Count how many lines of the data below contain the string "with"; the reply should be that number alone.

> [Study material]
*** Block opens ***
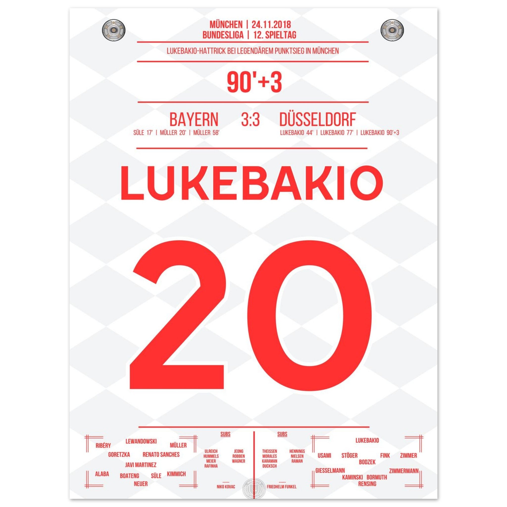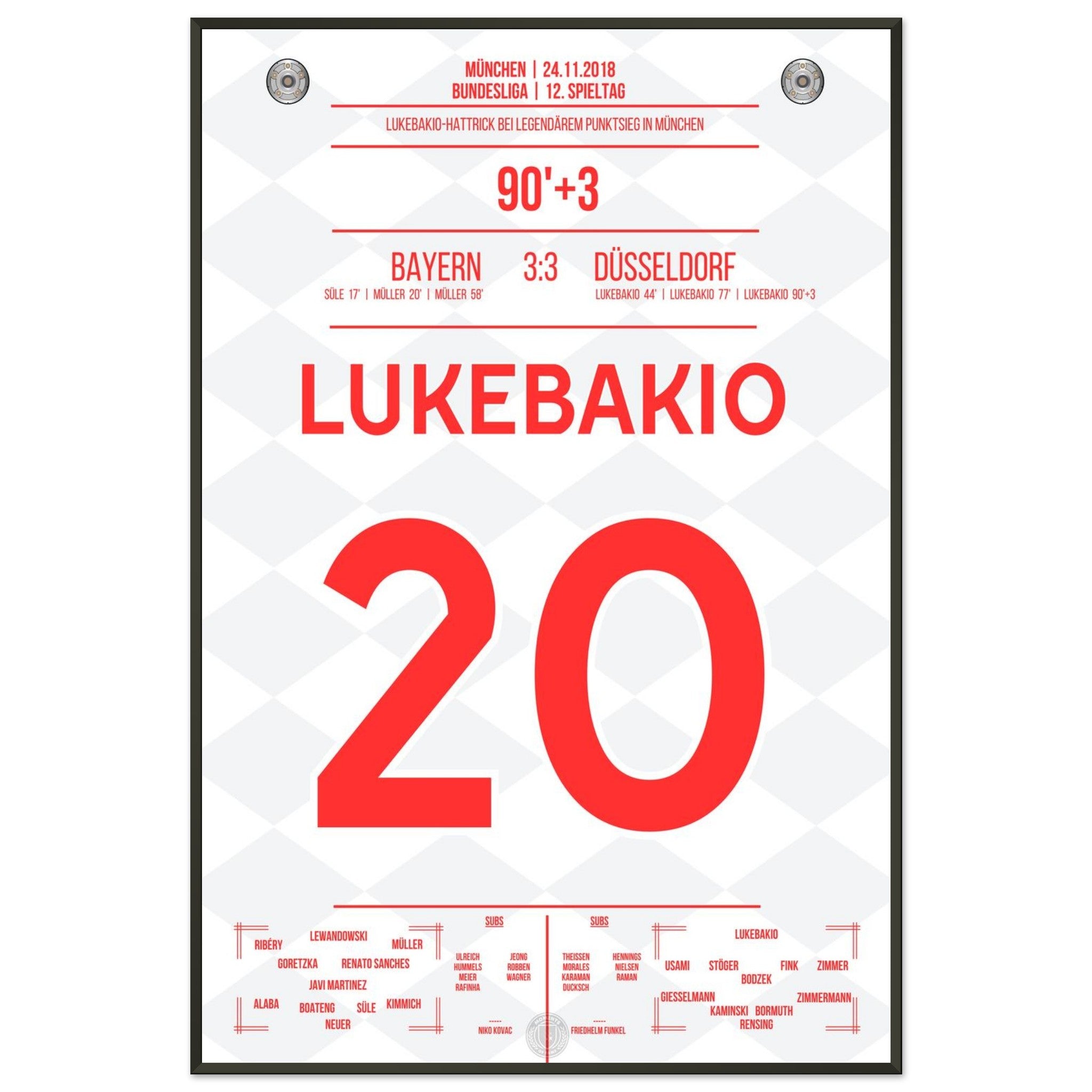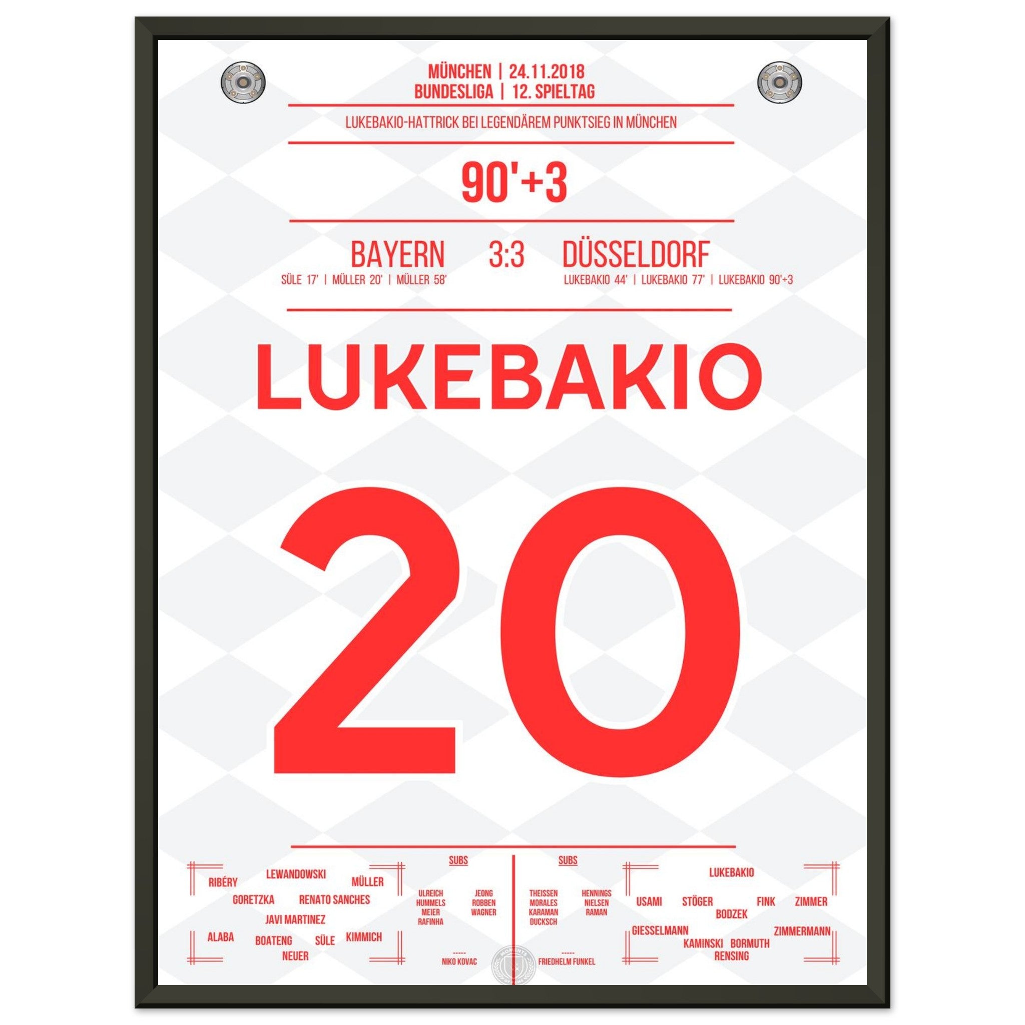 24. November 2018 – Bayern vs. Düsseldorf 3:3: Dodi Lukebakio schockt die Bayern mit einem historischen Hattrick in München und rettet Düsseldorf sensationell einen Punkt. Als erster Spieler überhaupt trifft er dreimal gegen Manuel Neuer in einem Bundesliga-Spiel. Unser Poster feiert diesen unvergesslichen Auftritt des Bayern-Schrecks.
*** Block closes ***
*** Block opens ***
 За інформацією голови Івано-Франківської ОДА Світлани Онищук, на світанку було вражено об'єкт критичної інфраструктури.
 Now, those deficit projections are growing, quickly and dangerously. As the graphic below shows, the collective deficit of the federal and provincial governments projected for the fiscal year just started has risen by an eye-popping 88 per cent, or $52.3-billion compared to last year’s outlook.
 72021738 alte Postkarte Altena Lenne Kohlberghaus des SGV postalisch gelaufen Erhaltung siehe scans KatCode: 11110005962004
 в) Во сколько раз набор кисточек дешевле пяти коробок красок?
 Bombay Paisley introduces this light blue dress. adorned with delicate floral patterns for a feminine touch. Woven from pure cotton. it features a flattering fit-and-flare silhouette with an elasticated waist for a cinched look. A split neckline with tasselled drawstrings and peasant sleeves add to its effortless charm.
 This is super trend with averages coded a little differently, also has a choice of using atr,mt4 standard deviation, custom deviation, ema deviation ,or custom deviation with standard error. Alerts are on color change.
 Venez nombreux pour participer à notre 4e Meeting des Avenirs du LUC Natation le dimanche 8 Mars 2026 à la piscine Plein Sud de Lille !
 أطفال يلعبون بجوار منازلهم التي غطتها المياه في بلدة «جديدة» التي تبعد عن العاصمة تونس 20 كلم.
*** Block closes ***
> [Response area]
2